Requirement:
One part of the entries below is wanted: the lines from the one containing "After checking out" through the one containing "59 m² Ferienwohnung". Write those out exactly and nothing else.

Records for this exercise:

# # # # # # #

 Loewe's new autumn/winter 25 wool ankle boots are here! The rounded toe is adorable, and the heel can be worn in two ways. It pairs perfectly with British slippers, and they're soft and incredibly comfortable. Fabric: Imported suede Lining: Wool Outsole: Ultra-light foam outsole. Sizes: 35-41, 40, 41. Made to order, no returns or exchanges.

# # # # # # #

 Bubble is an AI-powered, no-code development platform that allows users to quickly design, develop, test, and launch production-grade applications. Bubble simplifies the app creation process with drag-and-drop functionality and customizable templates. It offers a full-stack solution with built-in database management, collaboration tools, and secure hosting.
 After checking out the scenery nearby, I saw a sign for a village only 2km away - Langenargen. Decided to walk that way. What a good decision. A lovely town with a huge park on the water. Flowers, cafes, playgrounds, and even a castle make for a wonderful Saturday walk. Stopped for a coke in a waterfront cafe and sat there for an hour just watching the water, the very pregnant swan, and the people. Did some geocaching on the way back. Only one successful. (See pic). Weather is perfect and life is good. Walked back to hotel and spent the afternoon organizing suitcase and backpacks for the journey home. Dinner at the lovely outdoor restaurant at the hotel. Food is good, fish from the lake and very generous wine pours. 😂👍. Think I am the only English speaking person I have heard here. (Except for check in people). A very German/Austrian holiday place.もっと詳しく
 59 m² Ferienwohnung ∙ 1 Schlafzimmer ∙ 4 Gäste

# # # # # # #

Answer box:
 After checking out the scenery nearby, I saw a sign for a village only 2km away - Langenargen. Decided to walk that way. What a good decision. A lovely town with a huge park on the water. Flowers, cafes, playgrounds, and even a castle make for a wonderful Saturday walk. Stopped for a coke in a waterfront cafe and sat there for an hour just watching the water, the very pregnant swan, and the people. Did some geocaching on the way back. Only one successful. (See pic). Weather is perfect and life is good. Walked back to hotel and spent the afternoon organizing suitcase and backpacks for the journey home. Dinner at the lovely outdoor restaurant at the hotel. Food is good, fish from the lake and very generous wine pours. 😂👍. Think I am the only English speaking person I have heard here. (Except for check in people). A very German/Austrian holiday place.もっと詳しく
 59 m² Ferienwohnung ∙ 1 Schlafzimmer ∙ 4 Gäste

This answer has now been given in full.